Через два дня старик умер при все усиливающейся сердечной слабости и оглушении. У ворот больницы я встретил его жену; она шла из покойницкой, низко надвинув платок на опухшие глаза, и что-то глухо говорила себе под нос. Со смутным чувством стыда и страха перечитывал я скорбный лист умершего: подробное изо дня в день описание течения все ухудшающейся болезни, рецепты, усеянные восклицательными знаками, и в конце – лаконическая приписка дежурного врача: «В два часа ночи больной скончался»… Мне было странно, – в каком бреду действовал я, назначая свое лечение, непроверенное, дерзкое? Может быть, старик все равно бы умер, но могу ли я поручиться, что смерть вызвана не тем чудовищным количеством сильно действующей наперстянки, которое я ввел в его кровь? И это в то время, когда для борьбы с болезнью и без того требовались все силы организма… Вскоре я про чел во «Враче» статью д-ра Рубеля, который, тщательно разобрав свои собственные опыты, опыты Петреску, его учеников и сторонников, неопровержимо доказал, что способ Петреску причиняет во многих случаях явный, иногда даже угрожающий жизни вред, и можно только посоветовать возможно скорее предать его полному забвению».
Я решил применять впредь на своих больных только средства, уже достаточно проверенные и несомненные. Чем больше я теперь знакомился с текущей медицинской литературою, тем все больше утверждался в своем решении. Передо мною раскрылось нечто ужасающее. Каждый номер врачебной газеты содержал в себе сообщение о десятках новых средств, и так из недели в неделю, из месяца в месяц; это был какой-то громадный, бешеный, бесконечный поток, при взгляде на который разбегались глаза: новые лекарства, новые дозы, новые способы введения их, новые операции, и тут же – десятки и сотни… загубленных человеческих здоровий и жизней.

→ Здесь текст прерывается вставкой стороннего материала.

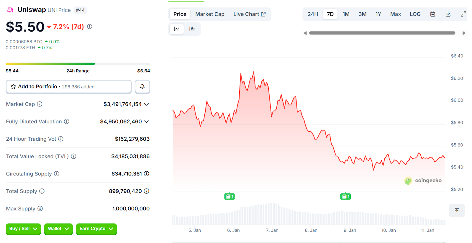 Uniswap stays a core DeFi protocol. The Uniswap price prediction talk in early 2026 reflects that maturity. UNI has been trading around the $5 to $6 range. Steady volumes and its role as a primary liquidity hub support it. Analysts see resistance forming near the upper end of this range. This suggests controlled movement rather than sharp breakouts in the short term.
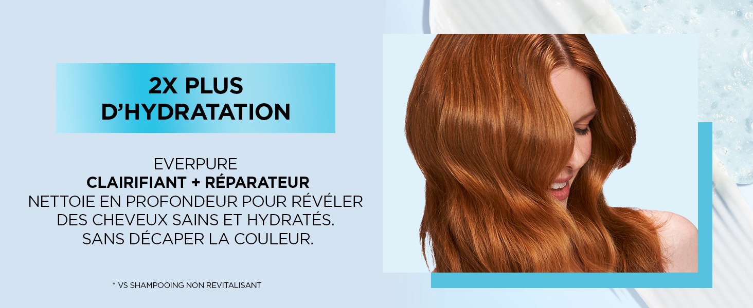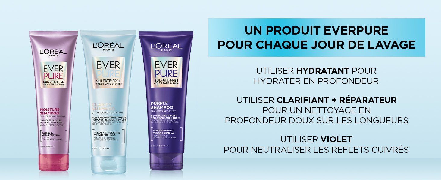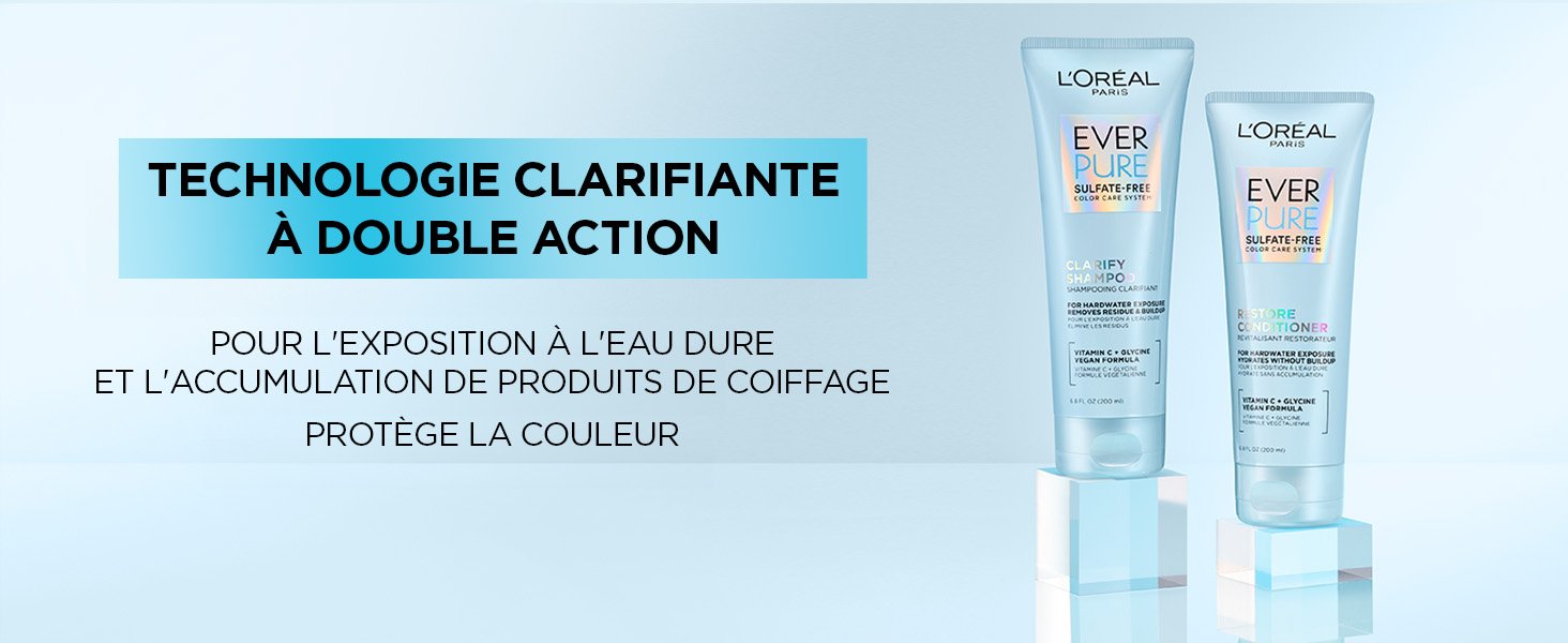 Shampooing clarifiant sans sulfates : Obtenez les cheveux les plus sains. Le shampooing EverPure clarifiant + réparateur est spécialement conçu pour éliminer les résidues d'eau dure et les accumulation de produits coiffants, apportant deux fois plus d'hydratation tout en protégeant votre couleur.

Одни из нововведений, как пузыри пены на потоке, выскакивали и тотчас же лопались, оставляя за собой один-другой труп. Проф. Меринг, заставляя животных вдыхать пентал, нашел, что вещество это представляет собой очень хорошее усыпляющее средство. После этого д-р Голлиндер испытал пентал на своих больных и получил блестящие результаты. На съезде естествоиспытателей и врачей в Галле, в сентябре 1891 года, он дал о пентале самый восторженный отзыв. «В настоящее время, – заявил Голлендер, – пентал по верности действия и по поразительно хорошему самочувствию после наркоза представляет наилучшее обезболивающее для кратковременных операций: он не производит дурных последствий, и применение его не представляет никакой опасности; он не оказывает никакого вредного действия ни на сердце, ни на дыхание»… Широкою рукою стали испытывать пентал. Через полгода д-р Геглер сообщил, что у одного крепкого мужчины пентал вызвал одышку с синю-, хою и в заключение остановку дыхания; его удалось спасти только благодаря принятым энергичным мерам оживления. Через два месяца после этого в Ольмюце умерла от вдыхания пентала дама, у которой собирались выдернуть зуб. Около этого же времени «Английский зубоврачебный журнал» сообщил, что после вдыхания десяти капель пентала умерла 33-летняя женщина, страдавшая зубной болью. У д-ра Зика умерли от пентала двое – здоровый, крепкий мужчина и молодая девушка с поражением тазобедренного сустава, в остальном крепкая и здоровая… Прошло всего полтора года после сообщения Голлендера. На съезде немецких хирургов профессор Гурльт выступил с докладом о сравнительной смертности при различных обезболивающих средствах. Опираясь на громадный статистический материал, он показал, что в то время, как эфир, закись азота, бромистый этил и хлороформ дают одну смерть на тысячи и десятки тысяч случаев, пентал дает одну смертность на 199 случаев. «От наркоза пенталом, – вполне основательно заключил профессор Гурльт, – по имеющимся до сих пор данным, следует прямо предостеречь». И пентал бесследно исчез из практики…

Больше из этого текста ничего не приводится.